CMA trustee Ted Mazer, MD, has been an outspoken opponent of the notification rule.

"The effort appears aimed at putting a wedge between patient and physician under the guise of improved consumer education," Mazer says. "Why then only physicians, rather than attorneys and other professionals having to tell new and existing clients in bold print who they should complain to?"

He adds that "if this were an even-handed effort for consumer protection, it would apply across the board, not just to doctors who need their patient's trust rather than suspicion. There are already numerous ways for consumers to find out where to report their concerns about doctors, without starting the relationship with a sign telling them how to report their doctor."

Mazer says "physicians will obviously comply with this poorly conceived regulation, wasting more resources on things that do not improve patient care."

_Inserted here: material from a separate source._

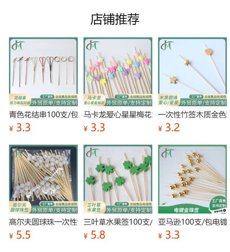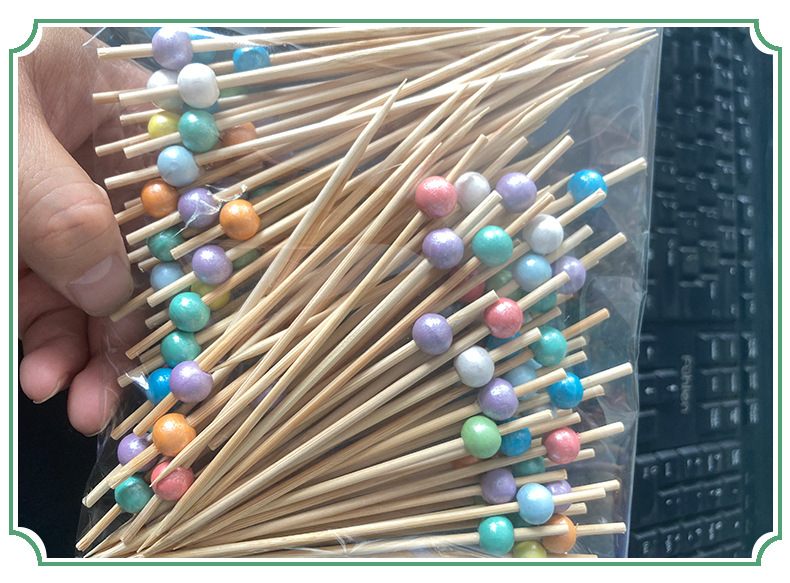 Nuevo producto decoración palo de bambú 100 piezas/paquete de fruta de dibujos animados lindo palo de bambú palo de hamburguesa palo de cóctel palo de bocadillo Amazon

Under the new rule, physicians must provide the notice in one of three ways:

  • Prominently post a sign in an area of their offices conspicuous to patients.
  • Include the notice in a written statement, signed and dated by the patient or patient's representative, and kept in that patient's file.
  • Include the notice in a statement on letterhead, discharge instructions, or other document given to a patient or the patient's representative, where the notice is placed immediately above the signature line for the patient in specified type.

"The three options are designed to serve a multitude of practice settings, including emergency departments, skilled nursing facilities, and surgical settings," according to Candis Cohen, spokeswoman for the Medical Board.

California is not the only state with a posting requirement for doctors. Texas, Kansas, Georgia, and Idaho are among other states that have similar sign rules.

After more than a year in the regulatory process, the new rule stemmed from concerns by some board members and patient advocates that many patients injured by providers seek remedies through lawsuits without notifying the agency that could discipline physicians for that wrongful conduct.

Once the medical board files accusations against misbehaving doctors, they are posted on the medical board's Web site and may serve as a warning for patients who might choose those practitioners for their care.

Last year, one member of the medical board, Woodside plastic surgeon Mary Lynn Moran, MD, said that such signs are required for cabdrivers.

"It should certainly be expected of physicians to let the public know that they are held to a set of standards and regulated by the state," she said.